複製期におけるヘテロクロマチン構造の制御に関与する分裂酵母mcllの機能解析

研究課題

研究課題/領域番号	17770008
研究種目	若手研究(B)
配分区分	補助金
研究分野	遺伝・ゲノム動態
研究機関	国立遺伝学研究所
研究代表者	筒井康博国立遺伝学研究所, 分子遺伝研究系, 助手 (00390625)
研究期間 (年度)	2005 – 2006
研究課題ステータス	完了 (2006年度)
配分額 *注記	3,600千円 (直接経費: 3,600千円) 2006年度: 1,500千円 (直接経費: 1,500千円) 2005年度: 2,100千円 (直接経費: 2,100千円)
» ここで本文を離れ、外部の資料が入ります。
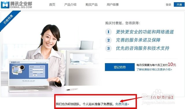 登陸騰訊企業郵箱的網站,網址:http://exmail.qq.com/;點擊頁面右上角【開通】字樣;
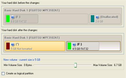 If there is not enough free space in one block, the wizard enables to redistribute free space, joining all free space blocks together into one united block and moving partitions when necessary. If the total amount of free space is still not enough, it is possible to split a fragment of space from one of the existing partitions, thus resizing it.
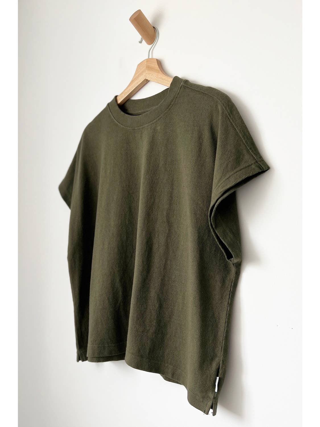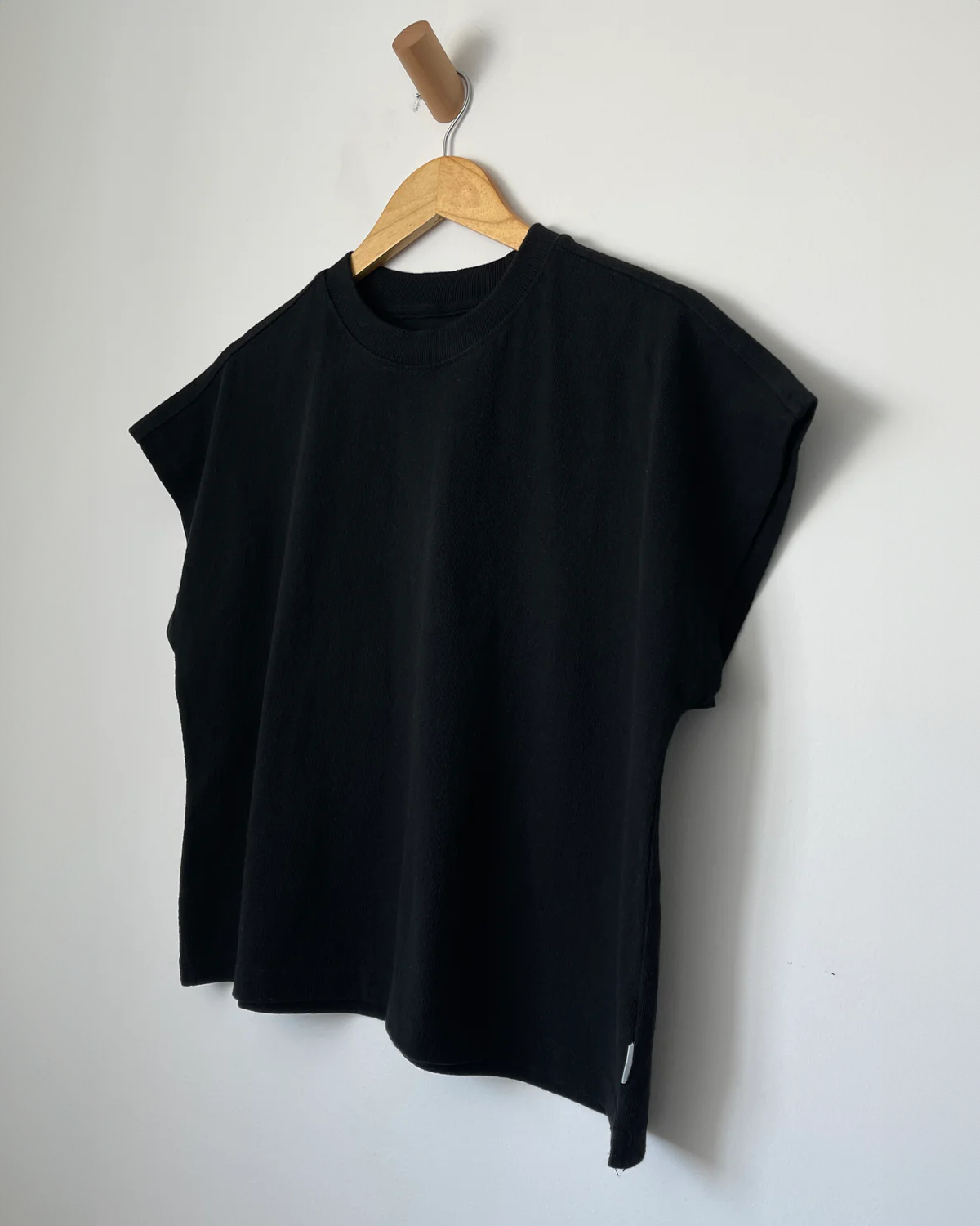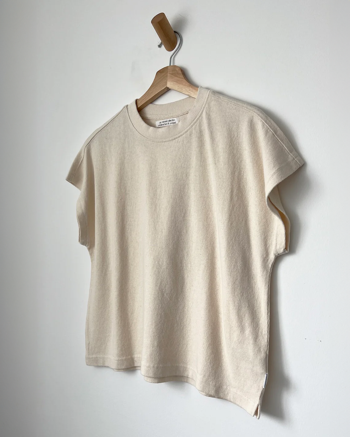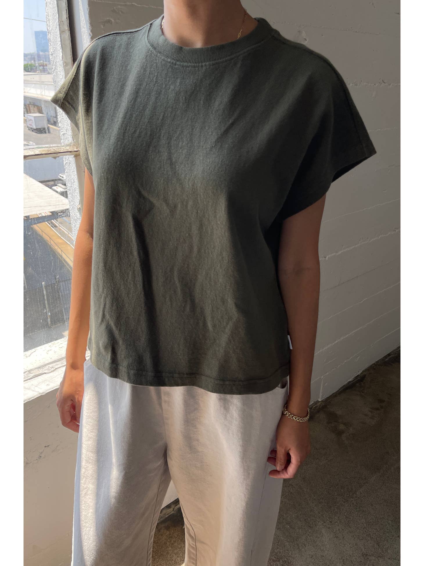 The Jeanne tee is the perfect muscle tee. Featuring a slightly shorter length that pairs beautifully with high-waisted bottoms, it still provides enough coverage for mid-rise styles. The subtle off-shoulder dolman sleeve adds just the right touch of relaxed charm. Finished with a high crew neck and an extra-wide neckband, she delivers a signature, effortlessly stylish look.
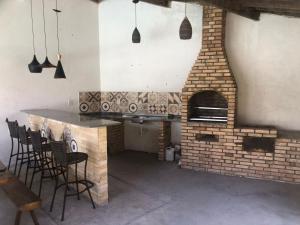 The holiday home with a terrace and pool views features 3 bedrooms, 2 living rooms, a flat-screen TV, an equipped kitchen with an oven and a microwave, and 5 bathrooms with a shower. Santos & Macena - Milagres includes an outdoor dining area.
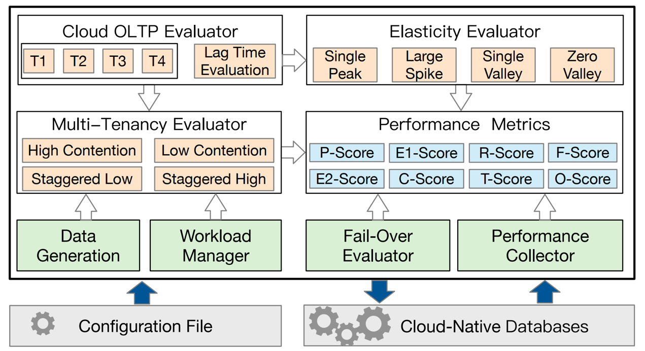 云原生数据库基准cloudybench面向云计算微服务场景构建,并针对云原生数据库弹性、多租户、数据一致性、成本优化等新特性分别设计了动态可变的负载模型和细粒度的性能指标,研究论文通过模拟真实云场景业务测评对比了主流云原生数据库,发现了不同场景下云原生数据库相比于传统rds服务的优劣势,讨论了未来云原生数据库的发展方向。
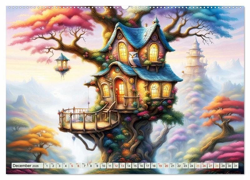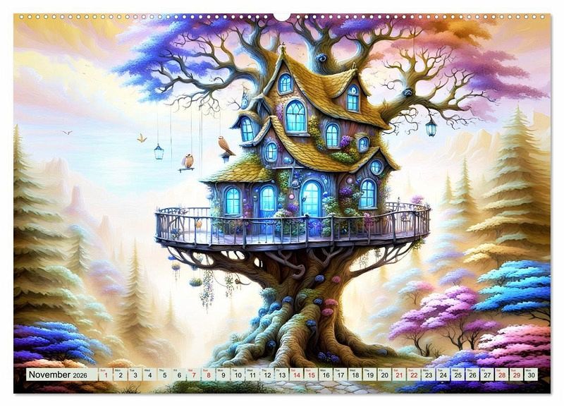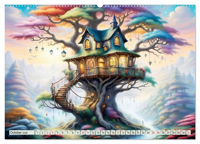 Discover magical, unusual tree houses hidden among the canopies of leaves and experience an imaginative and colourful year created with artificial intelligence. Every month you will see a tree house where nature is in perfect harmony. Enjoy a tree house every day, drawn with many enchanting details.
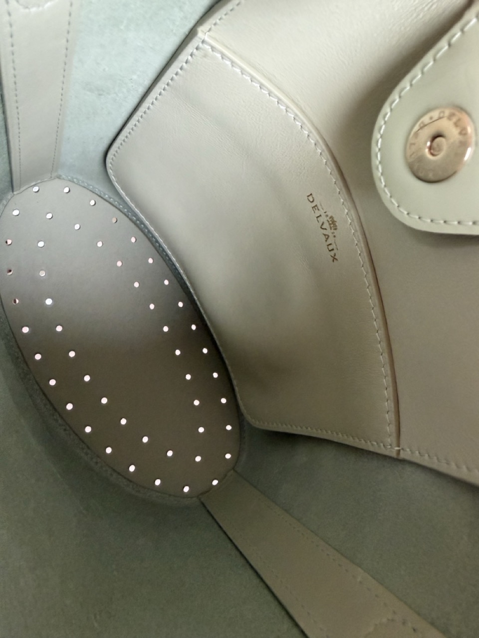 Atelier Mémé besteedt veel tijd en aandacht aan het zorgvuldig selecteren en, indien nodig, retoucheren van originele Delvaux handtassen. De tas is zo correct mogelijk in beeld gebracht met imperfecties die horen bij de vintage staat en manuele ambacht van zowel de Delvauxtas als de ambacht van het restaureren.

キーワード	ヘテロクロマチンの維持 / 転写サイレンシング / キネトコア領域 / DNA複製 / DNAポリメラーゼα / 分裂酵母 / 姉妹染色分体接着 / ポリメラーゼα
研究概要	分裂酵母において、セントロメア、接合型決定領域、テロメアの領域はヘテロクロマチンを形成しており、これらの領域ではSwi6(ショウジョウバエのHP1ホモログ)が局在し、染色体の正確な分配や遺伝子の発現制御に重要であることが知られている。我々は、分裂酵母Mcl1がDNA複製に加えて、ヘテロクロマチンの維持に関与することを明らかにしていたため、本研究ではヘテロクロマチン維持の役割に注目して解析を開始した。平成17年度の解析から、Mcl1及びMcl1と複合体を形成するDNAポリメラーゼα(Polα)がSwi6非依存的にヘテロクロマチンの維持に働くことを示唆する結果を得ている。平成18年度はセントロメアにより重点を置いて次のような結果を得た。分裂酵母セントロメアは、他の高等真核生物と同様に、キネトコア領域とその両端に位置するヘテロクロマチンから構成されている。キネトコア領域ではヒストンH3バリアントであるCENP-Aがヌクレオソームに取り込まれており、この領域も転写サイレンシングされることが知られている。mcl1変異株はセントロメアヘテロクロマチンの転写サイレンシングに欠損を示すためキネトコア領域についても調べたところ、転写サイレンシング欠損が観察された。さらに、ChIP法でCENP-Aの局在量が減少していることを見出したごPolαの変異株でも同様の結果を得た。従って、昨年度の解析と併せて、Mcl1及びPolαはセントロメアクロマチン構造の維持に関わることが明らかとなった。興味深いことに、キネトコア領域、ヘテロクロマチン領域のいずれもヒストンH4は低アセチル化状態に通常保たれているが、mcl1変異株においてはどちらの領域においてもアセチル化状態が亢進していることが分かった。こうしたことから、Mcl1は複製期に何らかのヒストン脱アセチル化酵素を制御しセントロメアの低アセチル化状態を保っことで、セントロメアクロマチン構造の維持に関わるというモデルが考えられた。